Guidelines for the use and interpretation of assays for monitoring autophagy (4th edition)

doi:10.1080/15548627.2020.1797280

Abstract:

In 2008, we published the first set of guidelines for standardizing research in autophagy. Since then, this topic has received increasing attention, and many scientists have entered the field. Our knowledge base and relevant new technologies have also been expanding. Thus, it is important to formulate on a regular basis updated guidelines for monitoring autophagy in different organisms. Despite numerous reviews, there continues to be confusion regarding acceptable methods to evaluate autophagy, especially in multicellular eukaryotes. Here, we present a set of guidelines for investigators to select and interpret methods to examine autophagy and related processes, and for reviewers to provide realistic and reasonable critiques of reports that are focused on these processes.
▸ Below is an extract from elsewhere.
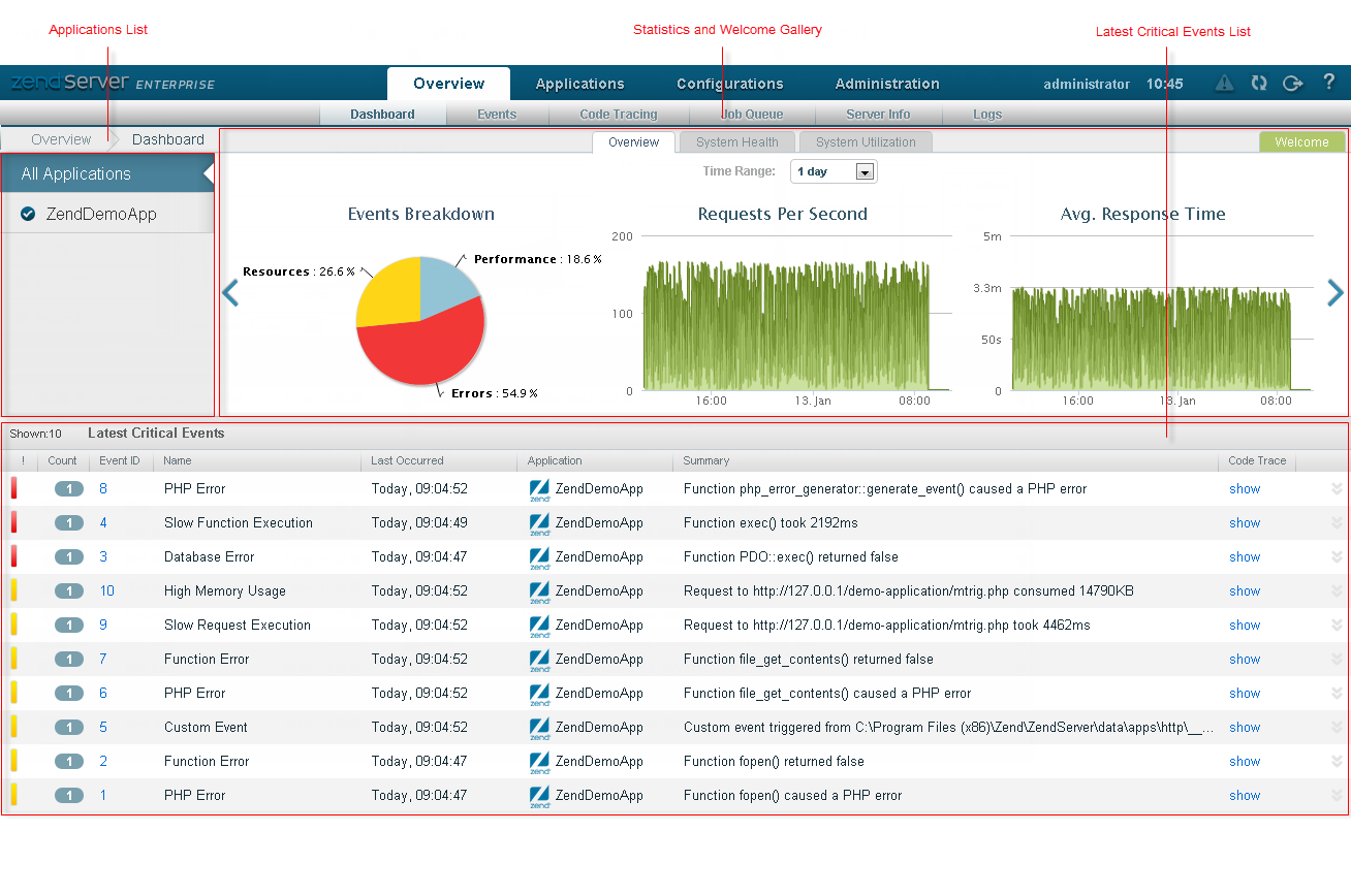 The Dashboard page is accessed from Overview | Dashboard and is the default page that is displayed after logging in to the Zend Server UI. The Dashboard page provides you with a general system overview, containing application-specific analytic information indicating how your applications are performing in relation to expected behavior. You can use this page to quickly get started with your applications.

These guidelines are not meant to be a dogmatic set of rules, because the appropriateness of any assay largely depends on the question being asked and the system being used. Moreover, no individual assay is perfect for every situation, calling for the use of multiple techniques to properly monitor autophagy in each experimental setting. Finally, several core components of the autophagy machinery have been implicated in distinct autophagic processes (canonical and noncanonical autophagy), implying that genetic approaches to block autophagy should rely on targeting two or more autophagy-related genes that ideally participate in distinct steps of the pathway. Along similar lines, because multiple proteins involved in autophagy also regulate other cellular pathways including apoptosis, not all of them can be used as a specific marker for bona fide autophagic responses. Here, we critically discuss current methods of assessing autophagy and the information they can, or cannot, provide. Our ultimate goal is to encourage intellectual and technical innovation in the field.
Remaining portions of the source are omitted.